▶ _The problem_:
Reproduce every line of the listing as written, apart from the pictures.

▶ _Available data_:
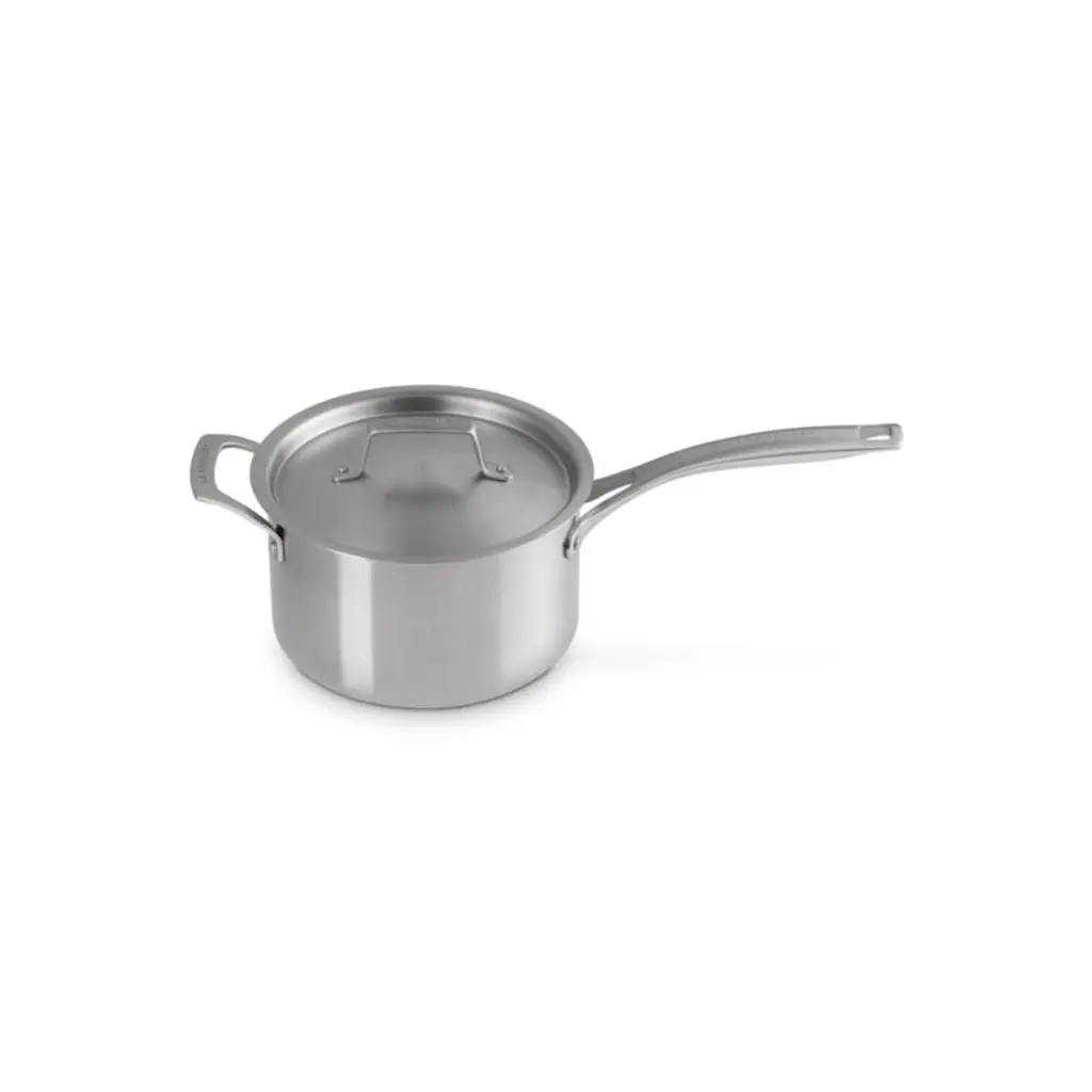 New essential cookware from Le Creuset. Crafted with a focus on hardworking versatility, this saucepan excels at simmering, stewing and cooking sauces. Non-reactive stainless steel with a brushed finish shapes the covered pan. The aluminum core ensures even heat distribution, while the lid traps moisture and heat. Fitted with a comfortable, stay-cool handle, this essential saucepan goes from stove to oven to dishwasher for worry-free weeknight and special-occasion cooking.
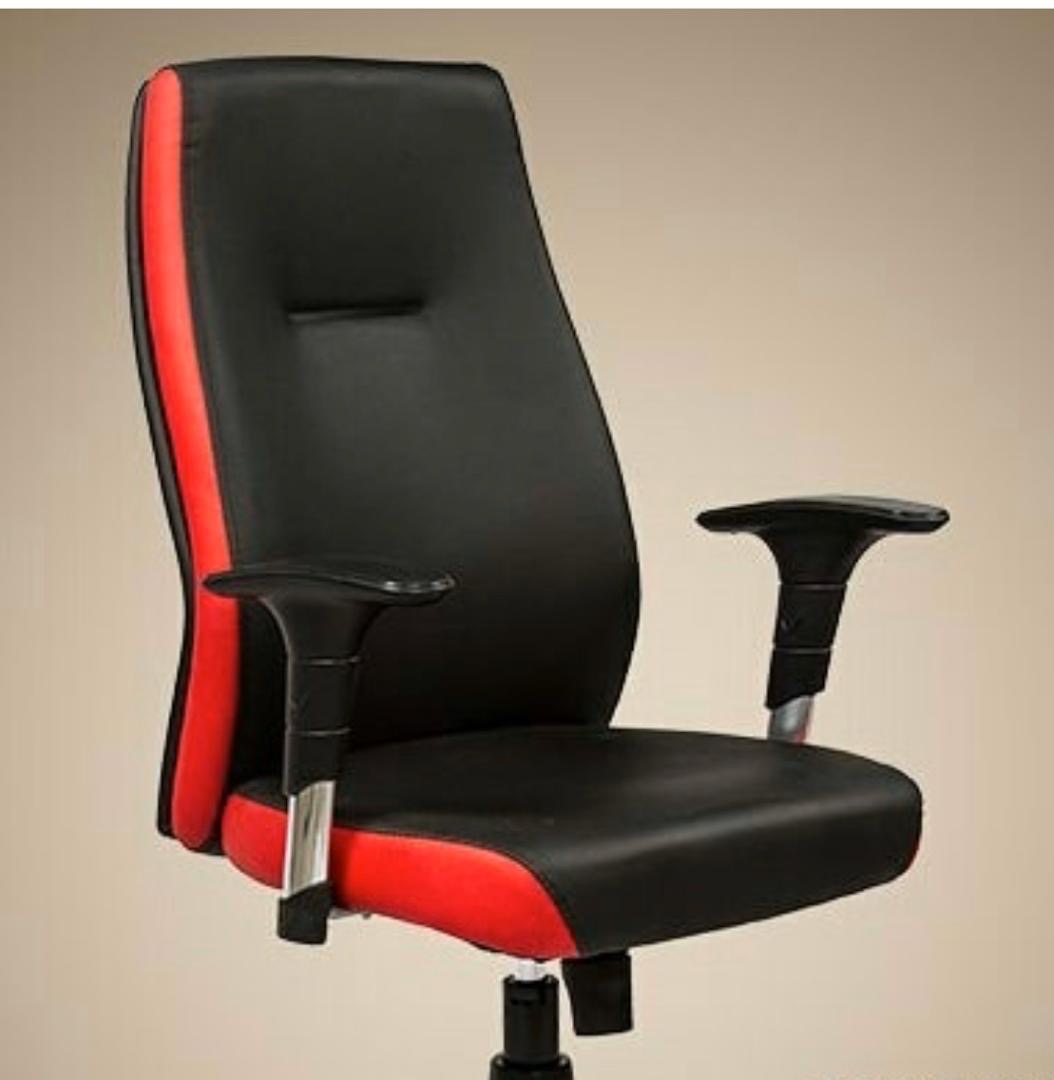 کفی و پشتی این صندلی کارمندی با فوم گرم تولید شده و توسط چرم مصنوعی کاملا پوشانده و جلوه زیبایی را به آن داده است.
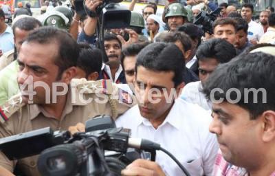 Photo Caption : MLA Rizwan Arshad being detained by the police during a demonstration held against new citizenship law at Town Hall, in Bengaluru on Thursday 19th December 2019
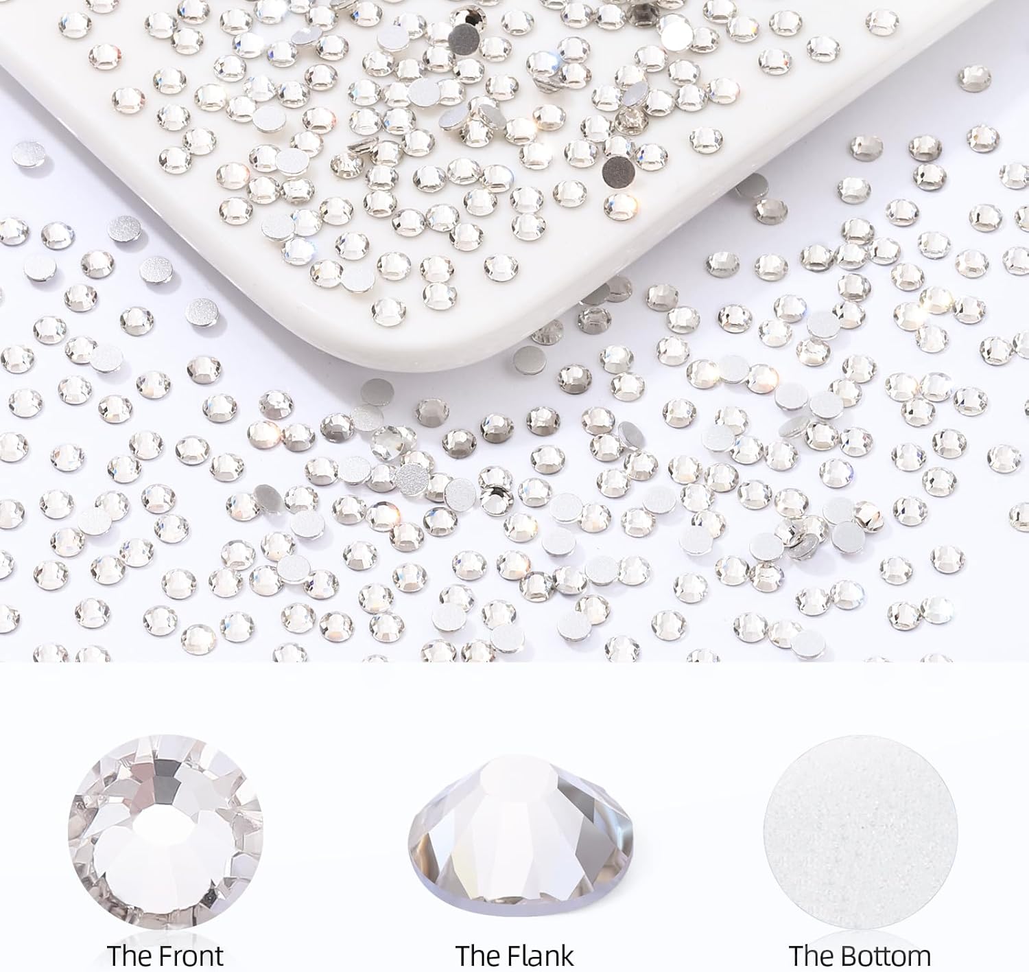 Crystal Clear Flatback Rhinestones, Glass Rhinestones for Nail Art and Craft, Glue Fix, Loose Crystal Gemstones(Crystal, SS3, 1440pcs, 1.3-1.4mm)
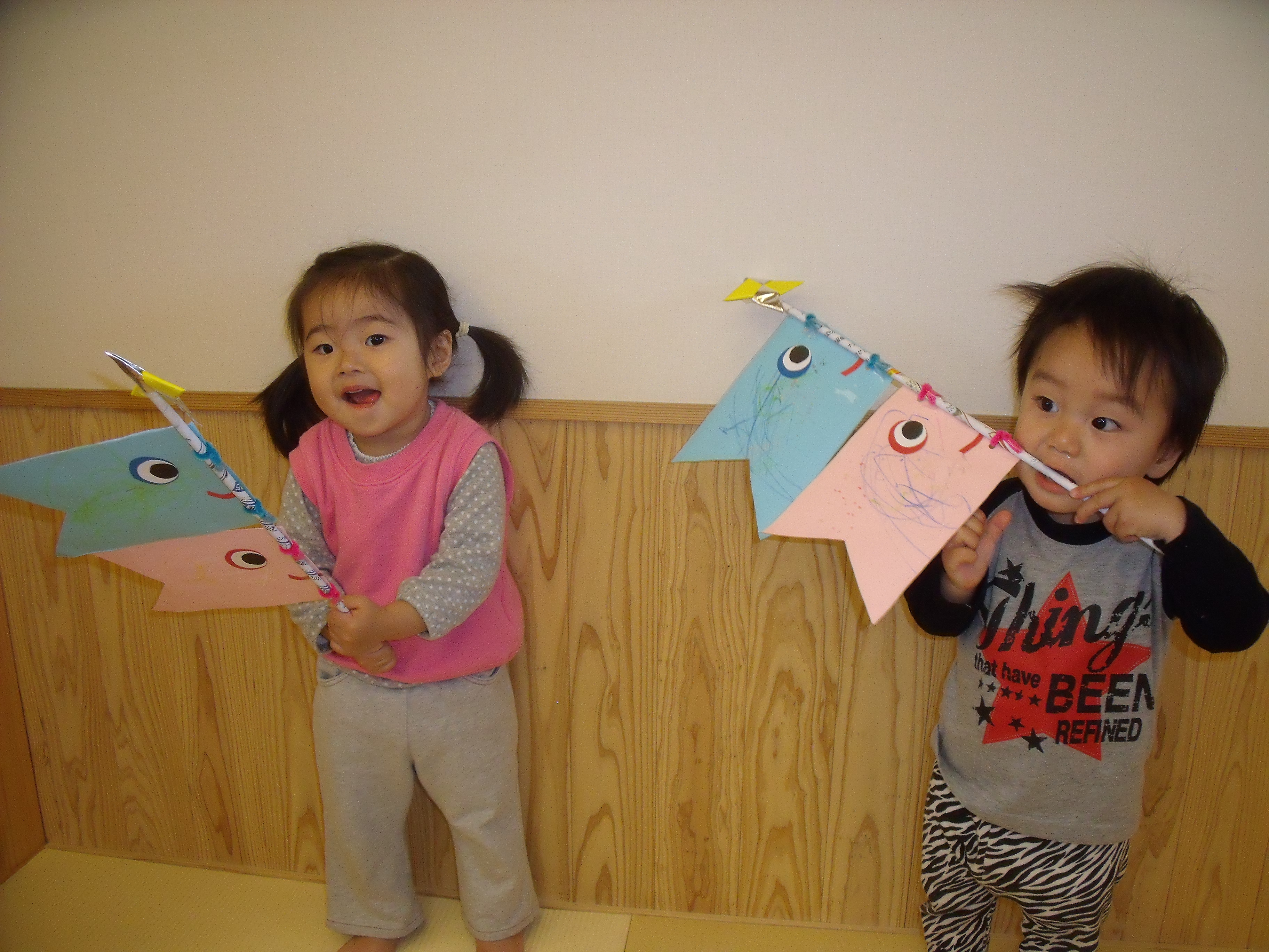 可愛い鯉のぼりができました。
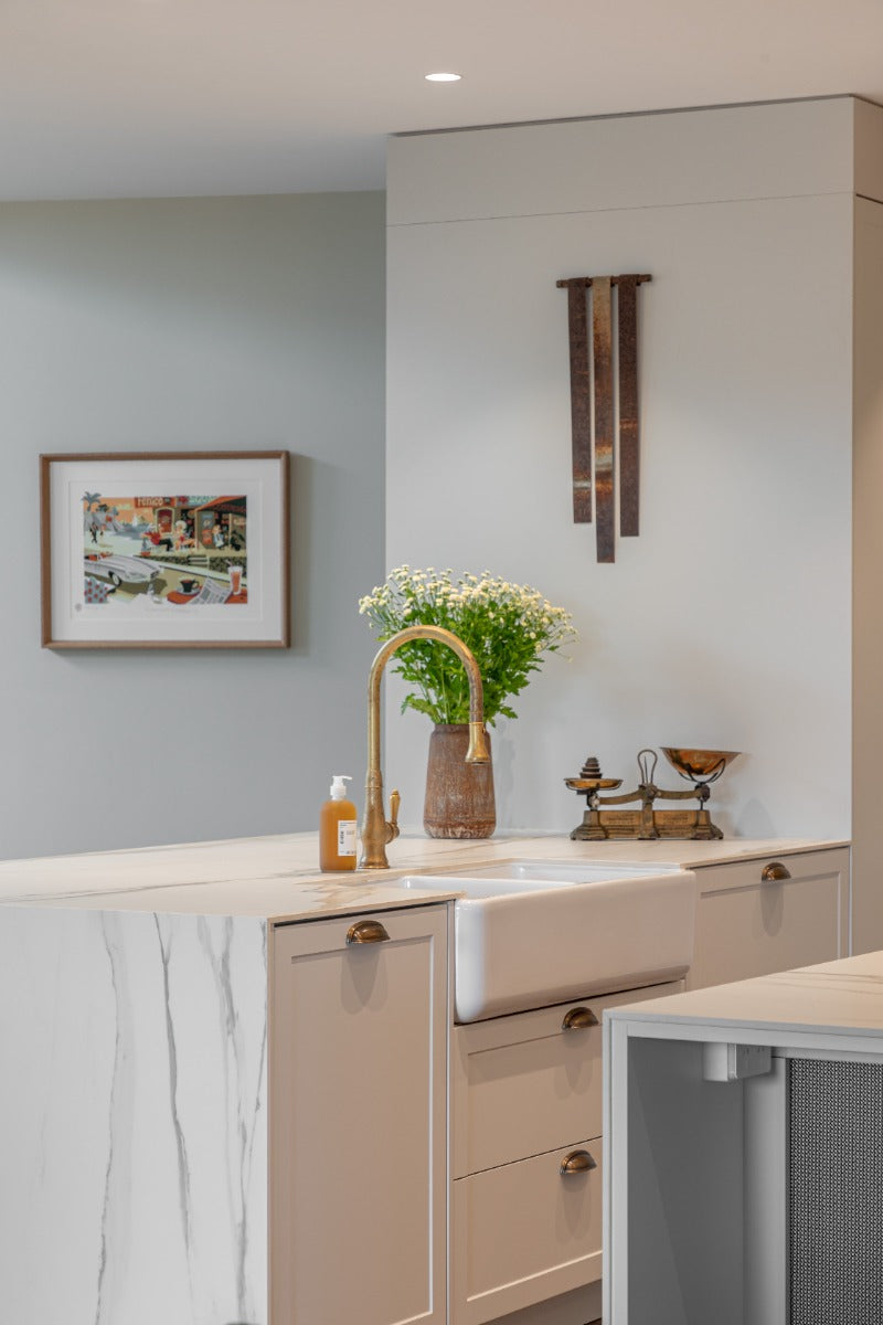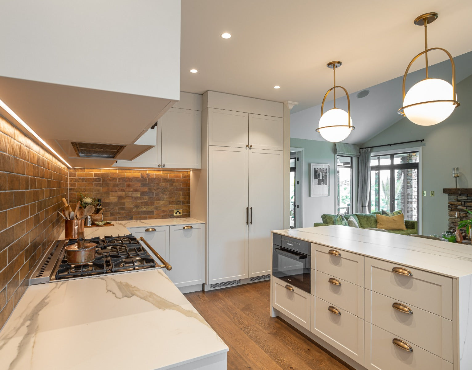 In this outstanding space Kitchen’s on Highbrook have embraced the modern simplicity of handle-free aesthetics with our Oak Lacquered Inca while using our oak lacquered Lago the full height cupboards to make a bold design statement. These timber elements transform the space into a modern, streamlined, and clutter-free haven, with a natural warmth that only timber will do.
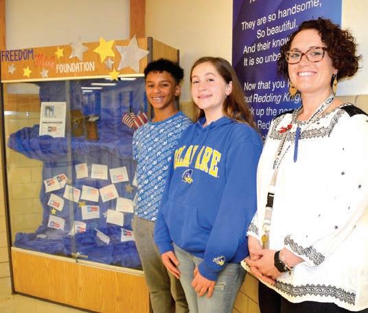 Katie Wright, a seventh-grade teacher at Louis Redding Middle School in Middletown, was selected this past fall as the first teacher in Delaware to work with the Freedom Flag Foundation to teach students about the events of Sept. 11, 2001. Pictured with Wright are two of her students – Darryl Turner and Peyton Brockell.
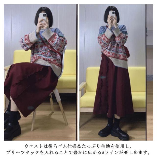 ロング丈 コーデュロイ コーデュロイフレアスカート コーデュロイスカート 膝下 ひざ下 ロングスカート 大きいサイズ マキシ丈 秋冬 タックスカート ロンスカ ウエストゴム ロング丈 カジュアル ナチュラル おしゃれ フレアスカート
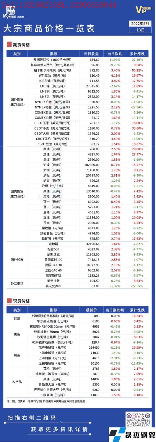 免責聲明:本網站(山東聊城晟杰無縫鋼管廠m.ahcom.com.cn)刊載的“俄烏局勢丨大宗商品價格一覽表(5月13日)”等均源于網絡,版權歸原作者所有,且僅代表原作者觀點,本文所載信息僅供參考。轉載僅為學習與交流之目的,如無意中侵犯您的合法權益,請及時聯系刪除。本網站刊登此篇文章并不意味著本站贊同其觀點或證實其內容的真實性,我們不對其科學性、嚴肅性等作任何形式的保證。如果侵犯了您的版權,請盡快聯系我們予以撤銷,謝謝合作!
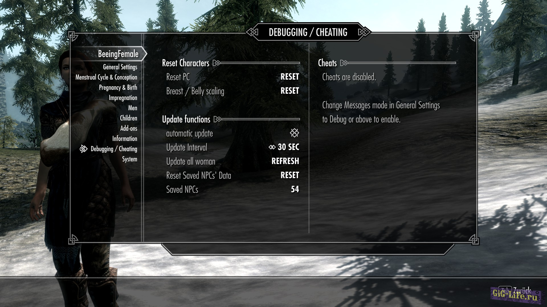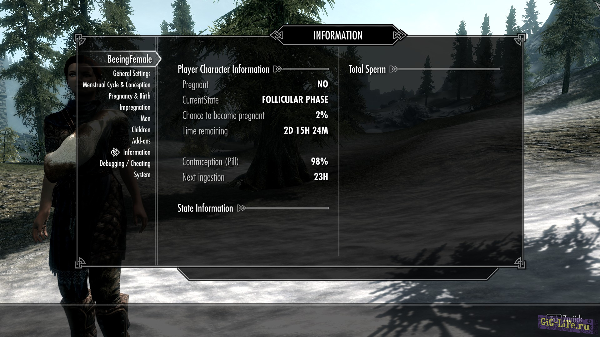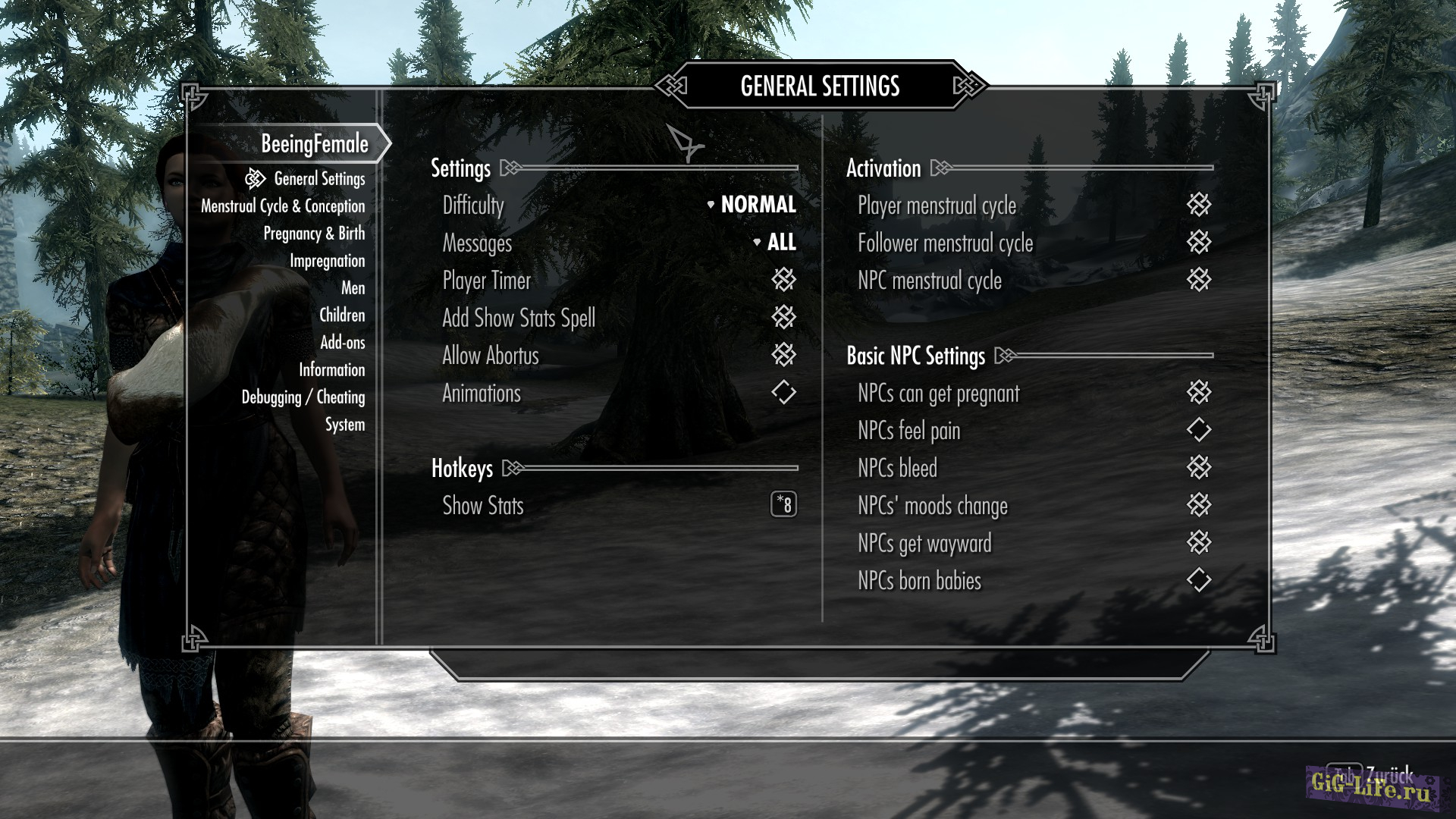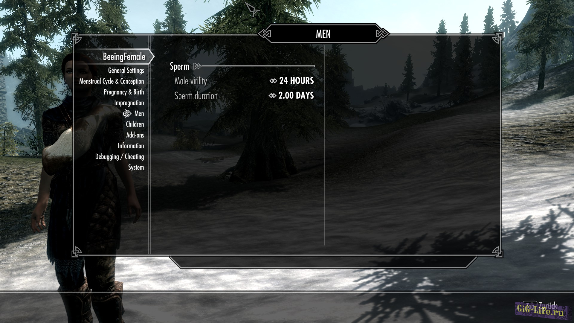 Изначально BeeingFemale был простым модом, добавляющим в игру симуляцию цикла менструации и беременности для женских персонажей и NPC. Однако теперь он разросся в полноценный аддон. Это огромный, динамичный и реалистичный мод, добавляющий множество новых функций. Он добавляет в Skyrim новые элементы геймплея, отвечая на вопрос — откуда в игре взялись дети.
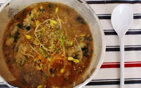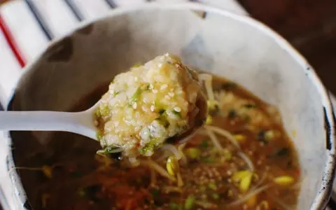 ボリュームたっぷりでヘルシーな食事スープ。もやしは火を通しすぎず、シャキシャキ感が残るように仕上げるのがポイント。自然薯だけで作った団子は、モチモチの食感で小麦粉を使っていないのにすごい食べごたえがある!

▶ _Response to the exercise_:
 New essential cookware from Le Creuset. Crafted with a focus on hardworking versatility, this saucepan excels at simmering, stewing and cooking sauces. Non-reactive stainless steel with a brushed finish shapes the covered pan. The aluminum core ensures even heat distribution, while the lid traps moisture and heat. Fitted with a comfortable, stay-cool handle, this essential saucepan goes from stove to oven to dishwasher for worry-free weeknight and special-occasion cooking.
 کفی و پشتی این صندلی کارمندی با فوم گرم تولید شده و توسط چرم مصنوعی کاملا پوشانده و جلوه زیبایی را به آن داده است.
 Photo Caption : MLA Rizwan Arshad being detained by the police during a demonstration held against new citizenship law at Town Hall, in Bengaluru on Thursday 19th December 2019
 Crystal Clear Flatback Rhinestones, Glass Rhinestones for Nail Art and Craft, Glue Fix, Loose Crystal Gemstones(Crystal, SS3, 1440pcs, 1.3-1.4mm)
 可愛い鯉のぼりができました。
 In this outstanding space Kitchen’s on Highbrook have embraced the modern simplicity of handle-free aesthetics with our Oak Lacquered Inca while using our oak lacquered Lago the full height cupboards to make a bold design statement. These timber elements transform the space into a modern, streamlined, and clutter-free haven, with a natural warmth that only timber will do.
 Katie Wright, a seventh-grade teacher at Louis Redding Middle School in Middletown, was selected this past fall as the first teacher in Delaware to work with the Freedom Flag Foundation to teach students about the events of Sept. 11, 2001. Pictured with Wright are two of her students – Darryl Turner and Peyton Brockell.
 ロング丈 コーデュロイ コーデュロイフレアスカート コーデュロイスカート 膝下 ひざ下 ロングスカート 大きいサイズ マキシ丈 秋冬 タックスカート ロンスカ ウエストゴム ロング丈 カジュアル ナチュラル おしゃれ フレアスカート
 免責聲明:本網站(山東聊城晟杰無縫鋼管廠m.ahcom.com.cn)刊載的“俄烏局勢丨大宗商品價格一覽表(5月13日)”等均源于網絡,版權歸原作者所有,且僅代表原作者觀點,本文所載信息僅供參考。轉載僅為學習與交流之目的,如無意中侵犯您的合法權益,請及時聯系刪除。本網站刊登此篇文章并不意味著本站贊同其觀點或證實其內容的真實性,我們不對其科學性、嚴肅性等作任何形式的保證。如果侵犯了您的版權,請盡快聯系我們予以撤銷,謝謝合作!
 Изначально BeeingFemale был простым модом, добавляющим в игру симуляцию цикла менструации и беременности для женских персонажей и NPC. Однако теперь он разросся в полноценный аддон. Это огромный, динамичный и реалистичный мод, добавляющий множество новых функций. Он добавляет в Skyrim новые элементы геймплея, отвечая на вопрос — откуда в игре взялись дети.
 ボリュームたっぷりでヘルシーな食事スープ。もやしは火を通しすぎず、シャキシャキ感が残るように仕上げるのがポイント。自然薯だけで作った団子は、モチモチの食感で小麦粉を使っていないのにすごい食べごたえがある!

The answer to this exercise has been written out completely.